Police used at least one stun gun, though the report indicates that there may have been multiple weapons used. “The patient was taken to the ground via police and placed into handcuffs,” the state report says. “The police then helped the patient get into the bed.”
State investigators later interviewed an emergency department doctor who said stun gun use was “very effective and caused no harm to the patient and/or anyone else.” The doctor also told the state that, “when it comes to restraining, we don’t know how to do that, (and) the police are trained in this.”
The state found other violations involving patient No. 1, including restraints left on too long and the failure of a medical provider to assess the patient after use of restraints. Officials said there also was a lack of hospital follow-up on the stun-gun incident.
“The (hospital’s) Patient Care Committee had ‘determined the use of law enforcement and response to the event was appropriate,’” the inspection report says. “There was a failure to identify that the use of police and utilization of a (stun gun) was not in compliance with regulatory requirements.”
Law enforcement also figured into hospital deficiencies regarding another patient. That person, identified as “patient No. 3,” was “paranoid, scared and was trying to leave” after arriving at the the emergency department in late October.
The patient was pushing and shoving a family member and security guards. Police were called, and the patient was given medication while being “held physically” by three police officers and two security guards.
Later, police were at bedside “talking with (the) patient and keeping patient in bed with redirection and verbal commands,” the state report says.

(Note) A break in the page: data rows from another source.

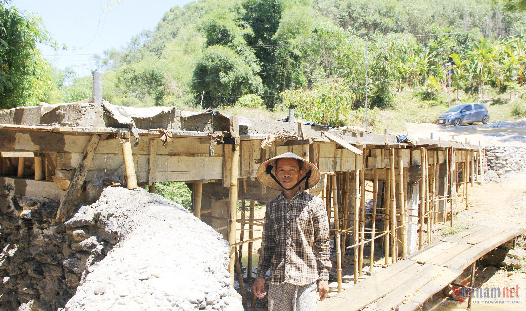 Chiếc cầu bê tông cốt thép này được anh Phúc tự mò mẫm, thiết kế với chiều dài 17m, gồm 5 nhịp, rộng 2,5m, cao 5m, đã được địa phương xem xét thống nhất.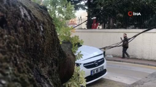 Bursa’da gün boyunca etkili olan şiddetli lodos, sabaha karşı bir ağacı ve elektrik direğini araçların üzerine devirdi.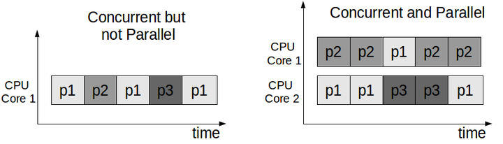 学院派的人会指出,并发与并行是有区别的(译者:所以前文都是说并发,而非并行)。参见Rob Pike的讲话或者我之前的博文。并发是组合多个独立过程来一起工作,并行是多个过程同时执行。并发是体现在应用的结构设计,并行是实际执行的方式。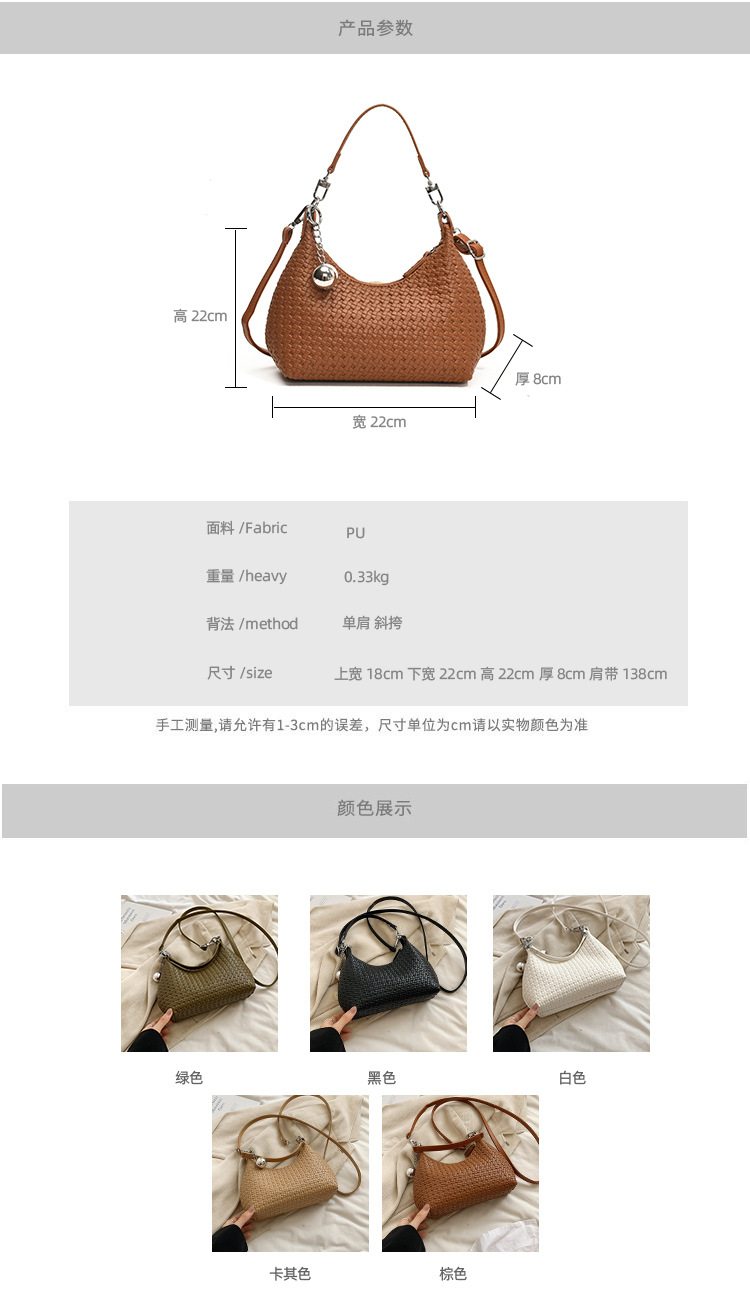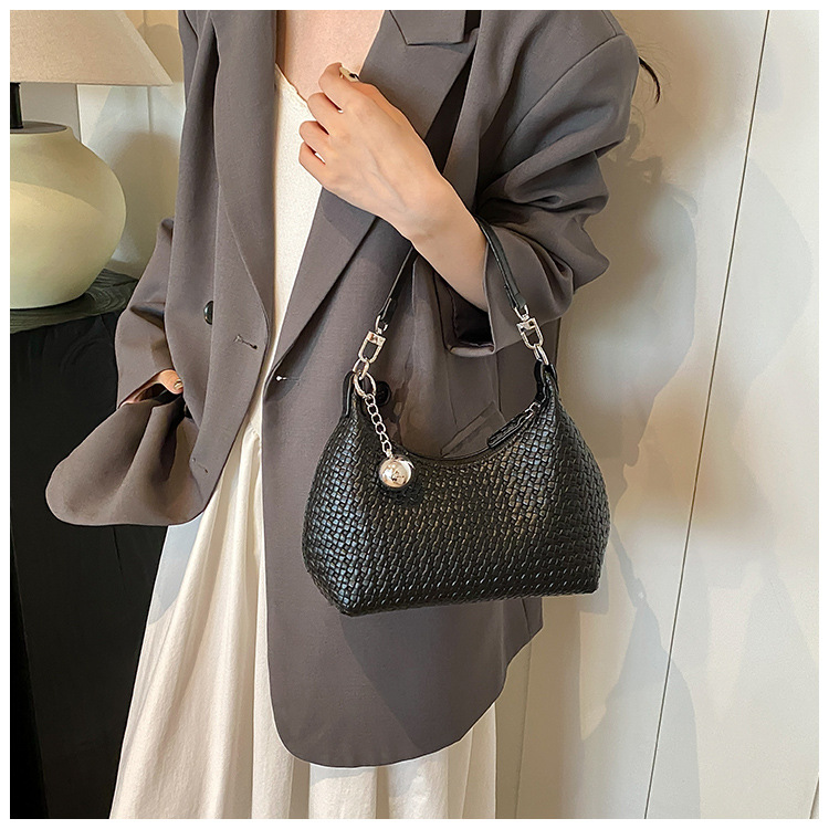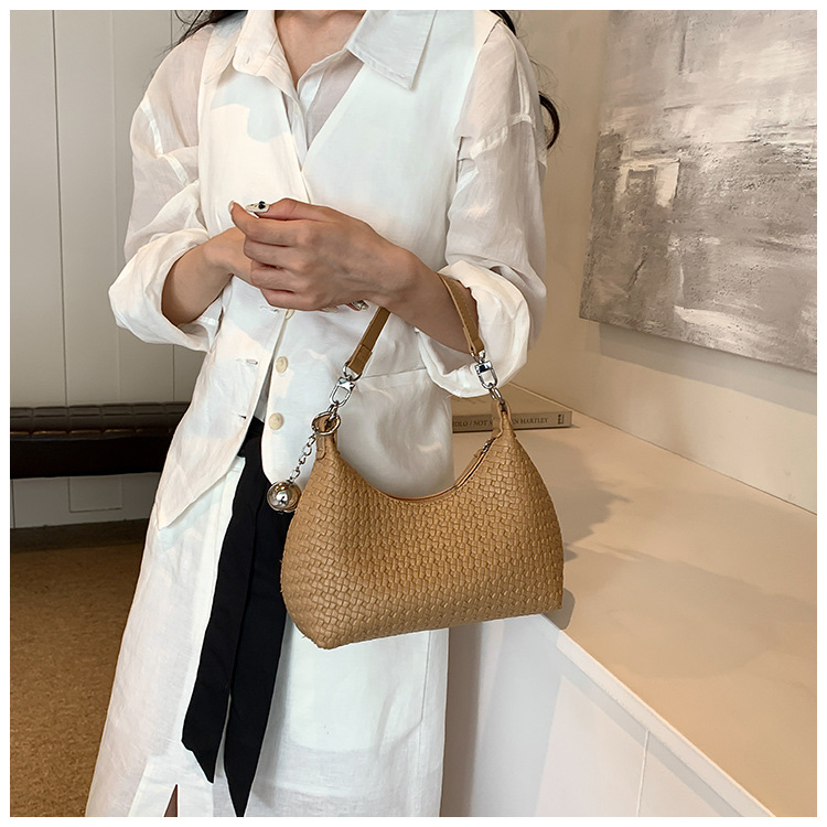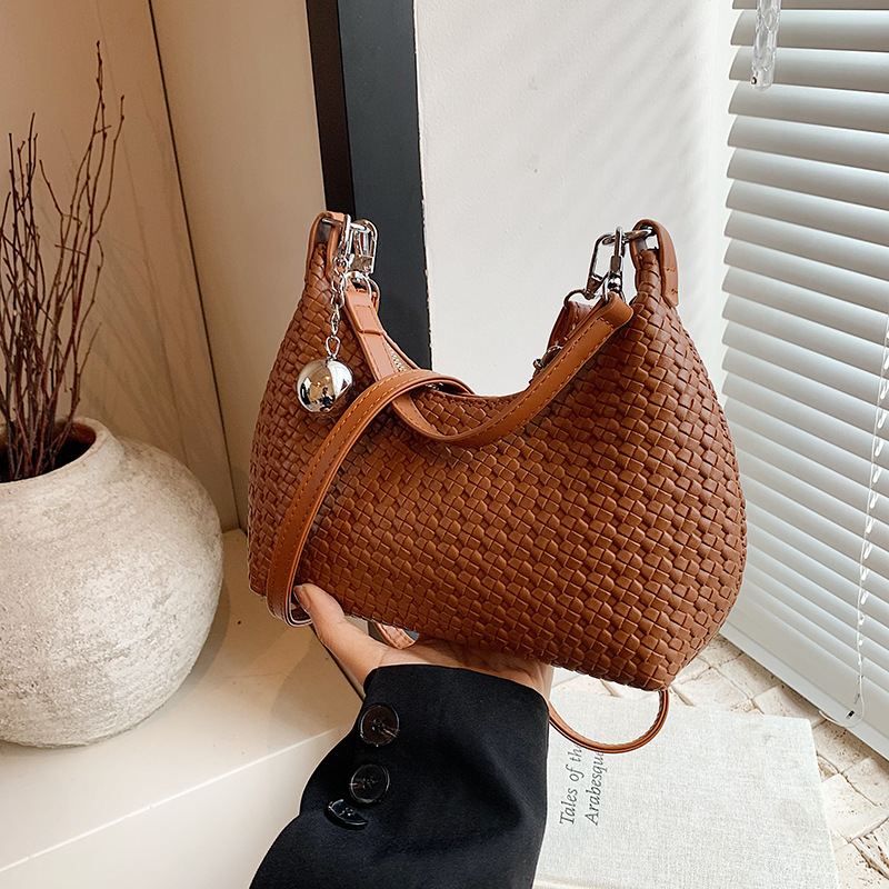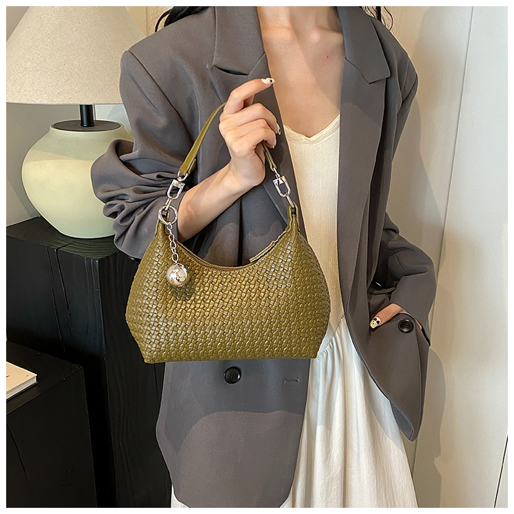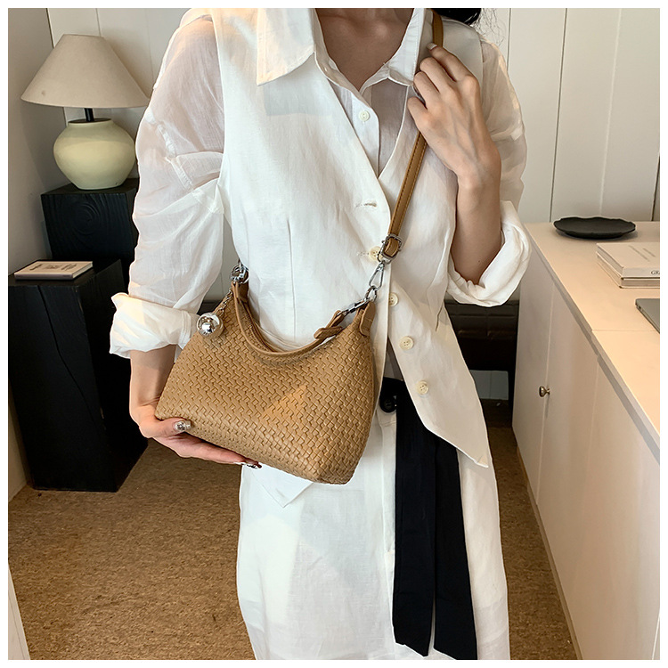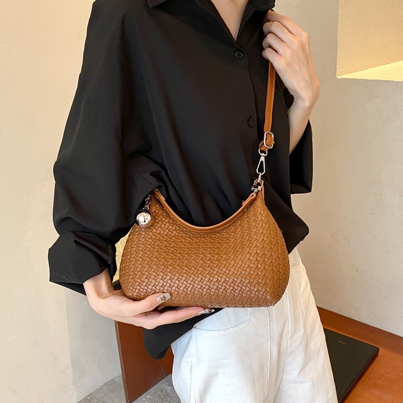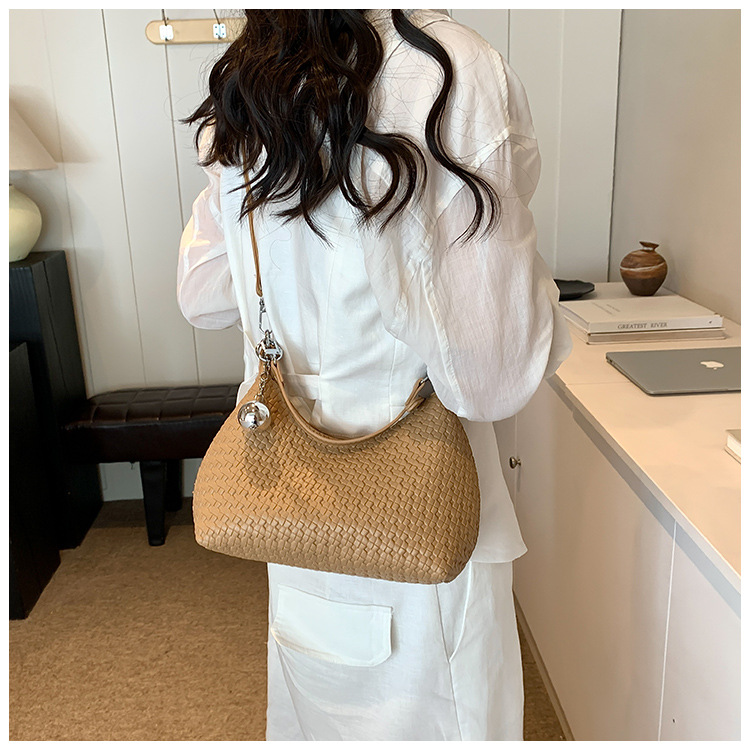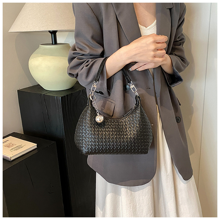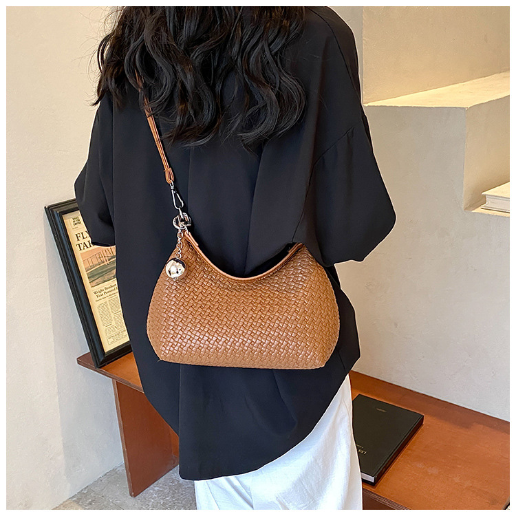 复古高级感编织饺子包包女秋季新款纯色手提单肩包质感斜挎包

A hospital administrator later acknowledged that “police should not have been utilized to manage the care of and/or assist in the administration of involuntary medication for patient No. 1 and patient No. 3.”
The state inspection found additional violations regarding a third patient, dubbed “patient No. 5,” who was “exhibiting violent and aggressive behavior” in the emergency department. Hospital staff left restraints on that patient even while he or she was sleeping, officials say.
In response to the inspection’s findings, hospital administrators took a variety of actions including implementing new or revised policies on safe environments for psychiatric patients, staff training for dealing with mental health issues, use of force, and use of law enforcement.
A new policy says the hospital “does not utilize law enforcement to intervene in the care or treatment of patients, which includes and is not limited to assisting in the restraint of patients. If law enforcement is not maintaining custody of a patient at (the hospital), they cannot engage with the patient.”
Northwestern also created a “Code Green Security Response Team” for behavioral problems. “This team will receive ongoing education and hands-on training throughout the year to ensure that they are well equipped to intervene in patient care and restraint if necessary,” documents say.
Additionally, Bowen said the hospital is enhancing its partnership with Northwestern Counseling & Support Services. She said Northwestern is also “accelerating renovations within the emergency department to provide a safer room for care of patients with specific needs.”